Address modification is performed in the same manner as
previously described.
2.4 BIT MANIPULATION
These instructions are designed to provide a convenient means
for setting or clearing individual data bits, emitting masks
or constants from the program stream and effecting a one step
emit/add operation.
2.4.1 EMIT (EMIT R1,##) or (EMIT R1,$A)
8 R1 DATA OR MASK
0 3 4 7 8 15
The Emit instruction provides a means for generating masks to
be used by the 'JUMP' instruction, or emitting an eight bit
binary quantity to the low order position of the register
specified by the R1 field. The high order byte of the des-
tination register is unaffected by this operation.
2.4.2 CLEAR BIT (CLRI R1,##)
9 R1 BIT MASK
0 3 4 7 8 15
Bit 8-15 of this instruction specify particular bit positions,
within the low order byte of the register specified by R1,
which are to be cleared or set to zero. Each bit position of
the mask which contains a '1' will clear the corresponding bit
position in the low order byte of the destination register.

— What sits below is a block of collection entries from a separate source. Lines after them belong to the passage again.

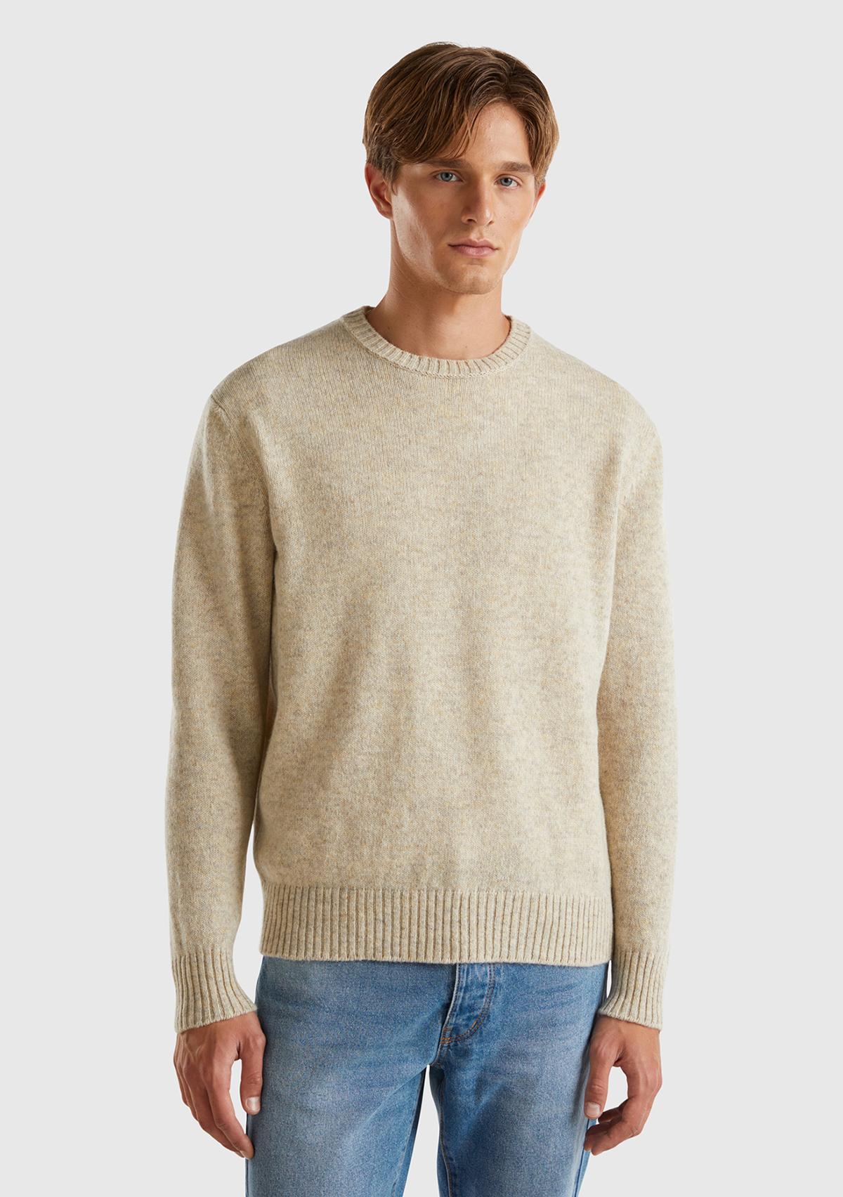 Erkek Bej Bisiklet Yaka Shetland Kazak. Koyun Yünü İçerir
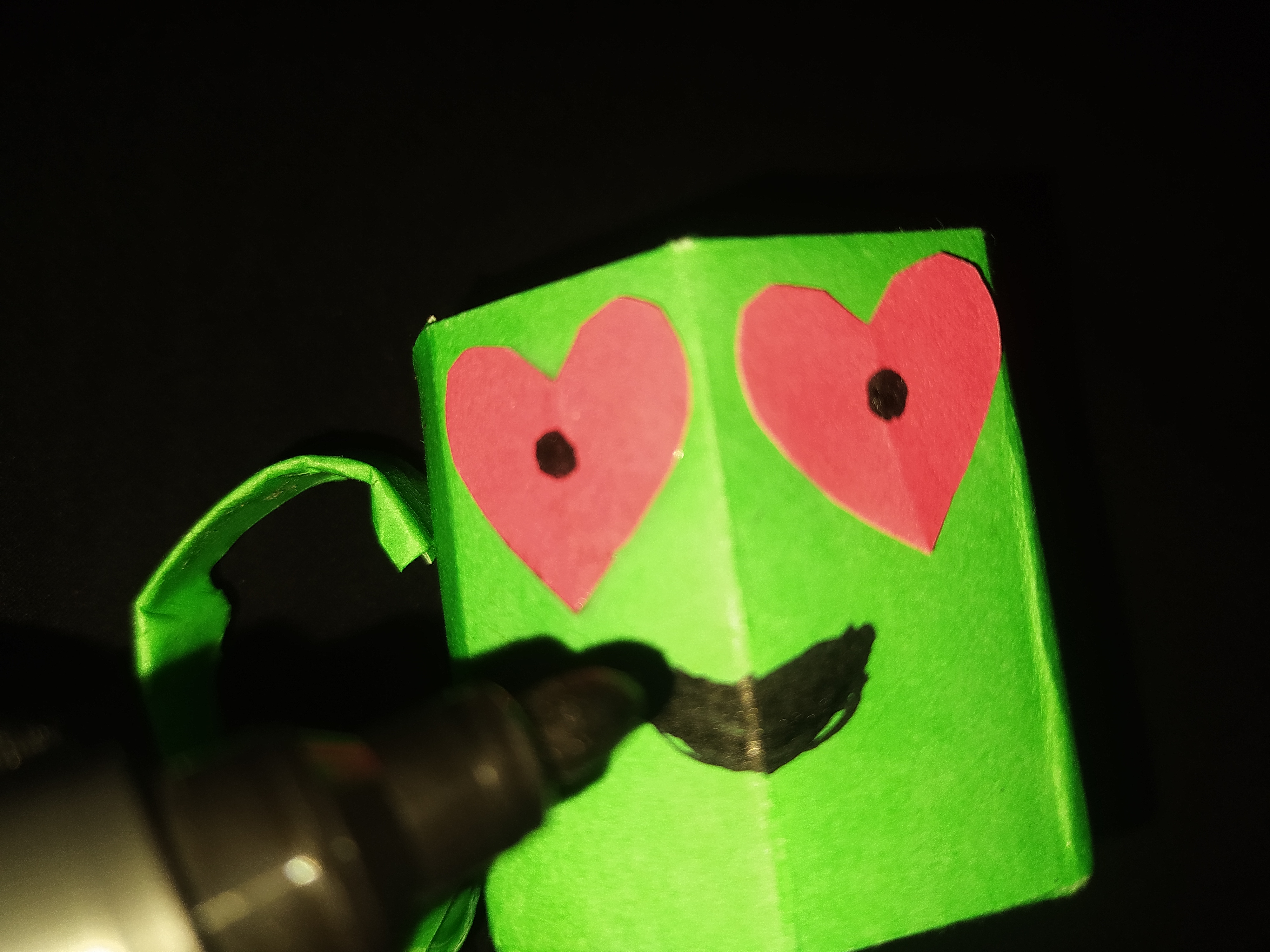 এখন মার্কার দিয়ে লাভ গুলোর মাঝখানে একটি করে ফোটা ও একটি হাসি মুখ এঁকে নিলাম। এভাবে হয়ে গেল আমার একটি কাপের অরিগ্যামি।
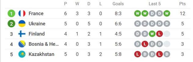 Lider Francuska je osvojila 12 bodova i jenom nogom je u Kataru, dok su Ukrajina i Finska na drugoj i trećoj poziciji sa po 5 bodova.
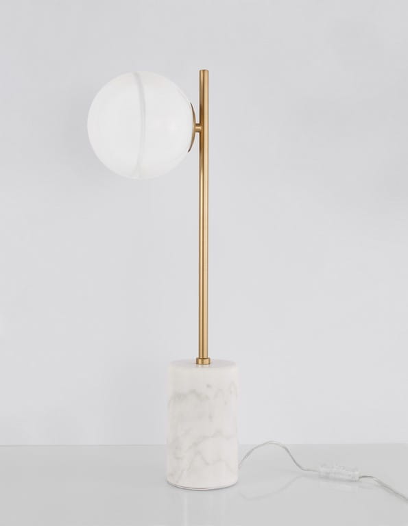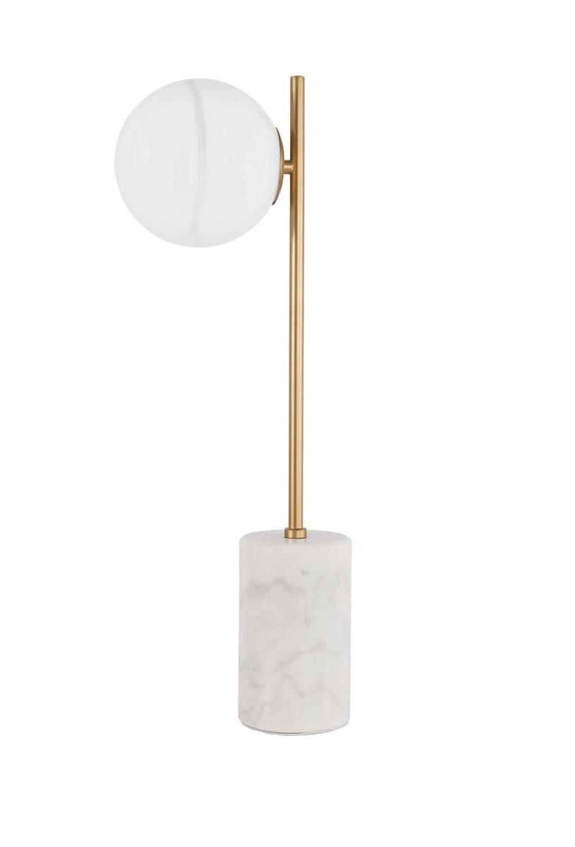 Lampa Perez wyróżnia się prostą, ale efektowną konstrukcją. Składa się z pionowego metalowego ramienia w kolorze złotym, które podtrzymuje szklany klosz o kulistym kształcie. Całość osadzona jest na solidnej podstawie wykonanej z białego marmuru, co nadaje jej elegancji i stabilności.
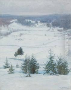Varlandskap. Signerad Och Daterad -95. Duk, 31x45. Litet Skrapmarke

Mask bit positions which contain a '0' do not alter the
corresponding destination register bit positions. The high
order byte of the destination register (R1) is not altered by
this instruction.
2.4.3 ADD IMMEDIATE + 1 (ADDI R1,##) or (ADDI R1,$A)
A R1 DATA BYTE
0 3 4 7 8 15
This instruction adds the eight bit quantity specified by bits
8-15 to the low order byte of the register specified by the R1
field. A carry, which may occur as a result of the addition,
will be propagated into the high order byte of the destination
register. Since the instruction is an 'ADD IMMEDIATE
+ 1', specifying 00 for bits 8-15 will cause a '1' to be
added to the low order byte of the destination register. If
no carry results from the addition, the high order byte of the
destination register will not be altered.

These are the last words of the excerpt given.